__Directions__
Each entry should be given again exactly, with any image left out.

═══ Dataset entries ═══

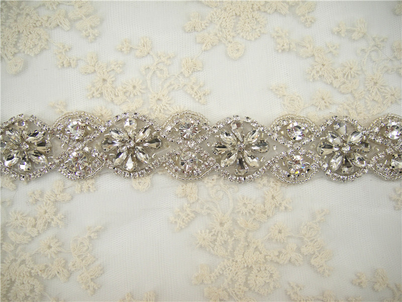 Stunning luxury wedding / bridal applique with high quality crystal rhinestones, ideal for making wedding sash belts, garters, bridal headpieces, decorating the wedding dress, cake decorating and any craft projects you need.
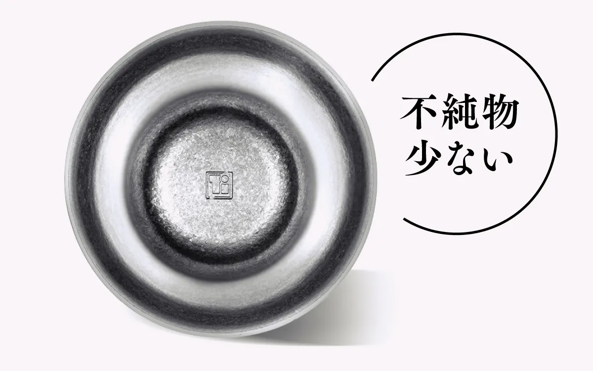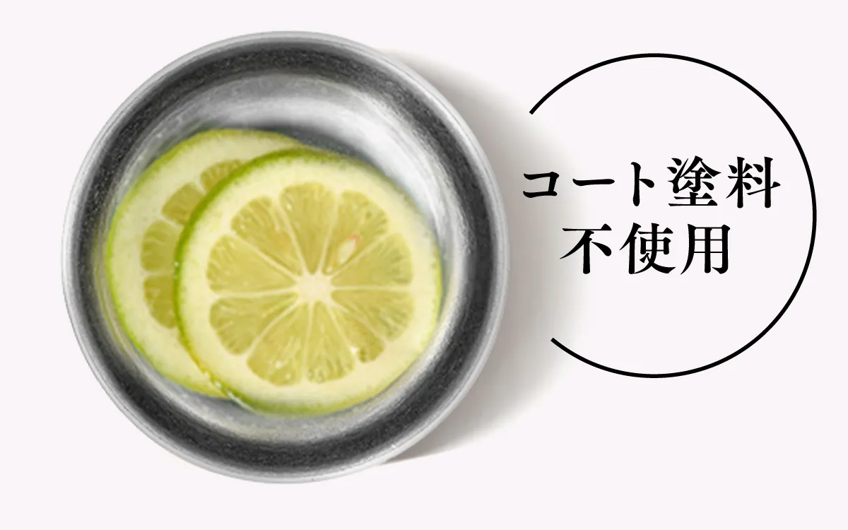 飲み物や私たちの体が触れても反応(イオン化)しづらく、金属の独特な匂いを感じづらい素材のため、ほぼ無味無臭なのです。
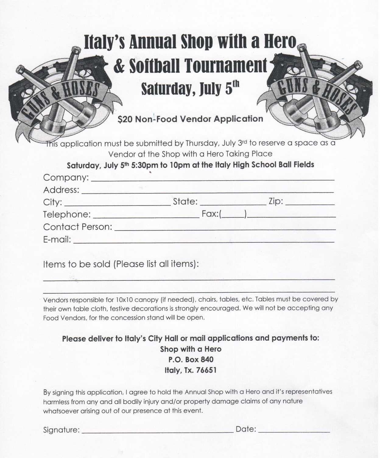 Guns & Hoses Softball Tournament Vendor Application « previous story album next » Download original photo
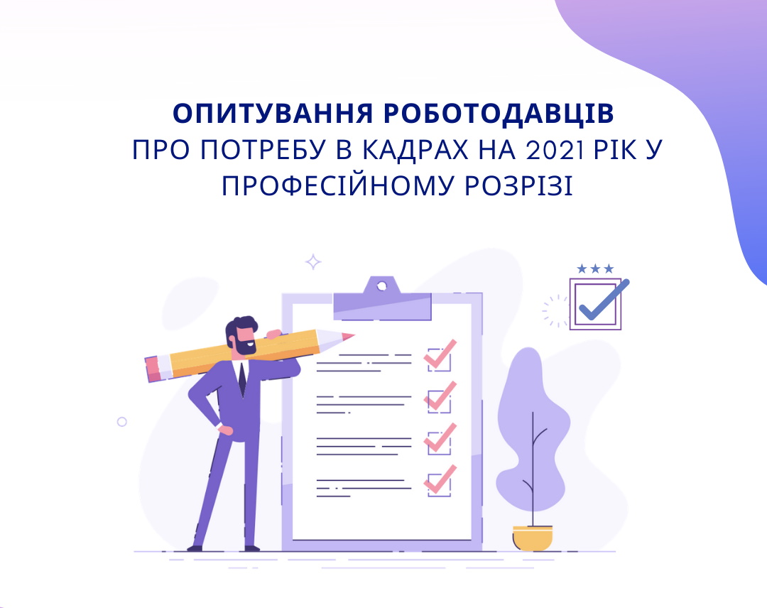 На сайті державної служби зайнятості триває опитування роботодавців про потребу в кадрах на 2021 рік у професійному розрізі.
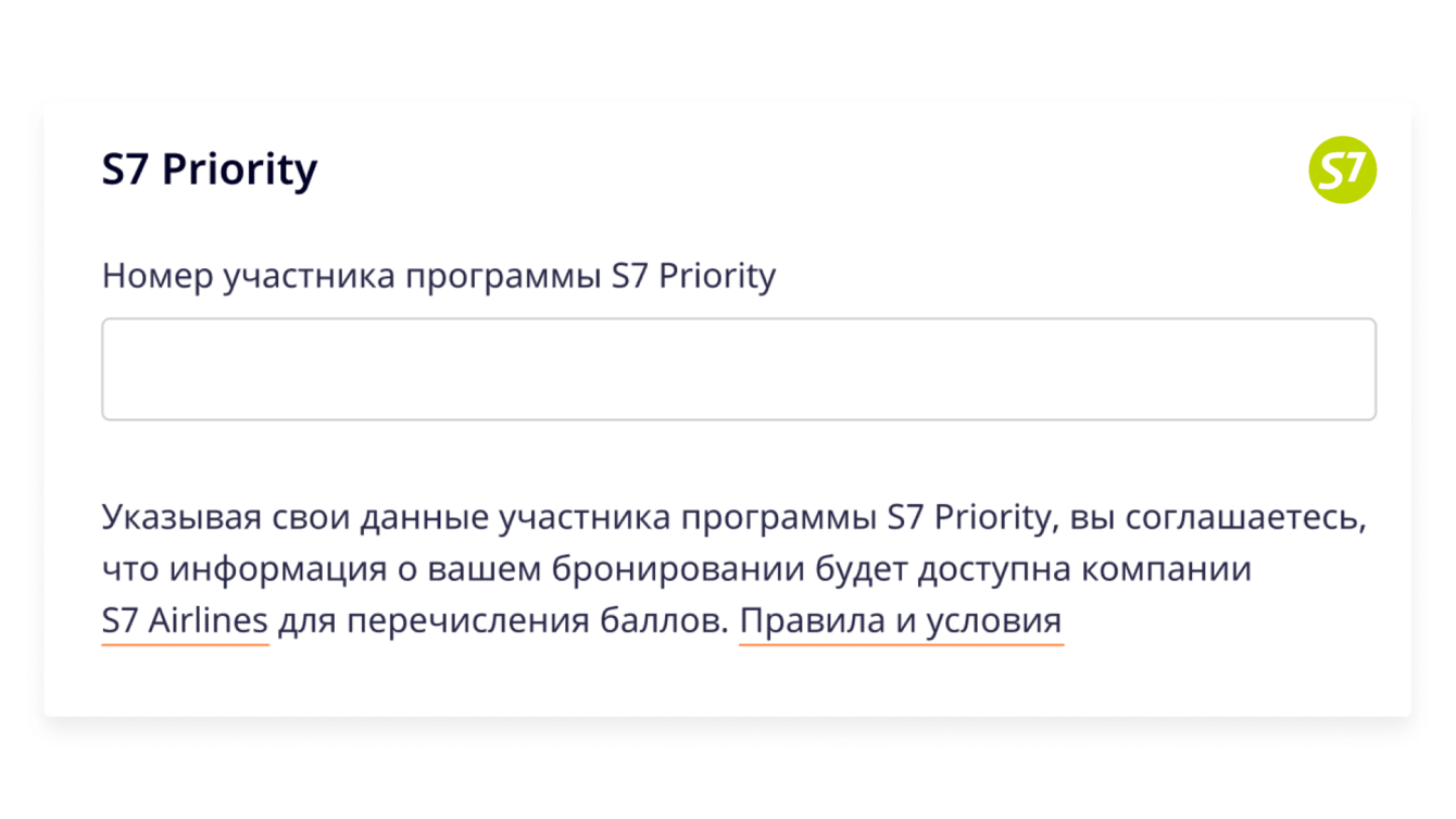 Еще один сценарий бронирования разработан специально для партнерки S7 — участники программы S7 Priority получают мили за использование сервиса. Для начисления бонусов информация о заказе передается авиакомпании.

═══

__Problem solution__
 Stunning luxury wedding / bridal applique with high quality crystal rhinestones, ideal for making wedding sash belts, garters, bridal headpieces, decorating the wedding dress, cake decorating and any craft projects you need.
 飲み物や私たちの体が触れても反応(イオン化)しづらく、金属の独特な匂いを感じづらい素材のため、ほぼ無味無臭なのです。
 Guns & Hoses Softball Tournament Vendor Application « previous story album next » Download original photo
 На сайті державної служби зайнятості триває опитування роботодавців про потребу в кадрах на 2021 рік у професійному розрізі.
 Еще один сценарий бронирования разработан специально для партнерки S7 — участники программы S7 Priority получают мили за использование сервиса. Для начисления бонусов информация о заказе передается авиакомпании.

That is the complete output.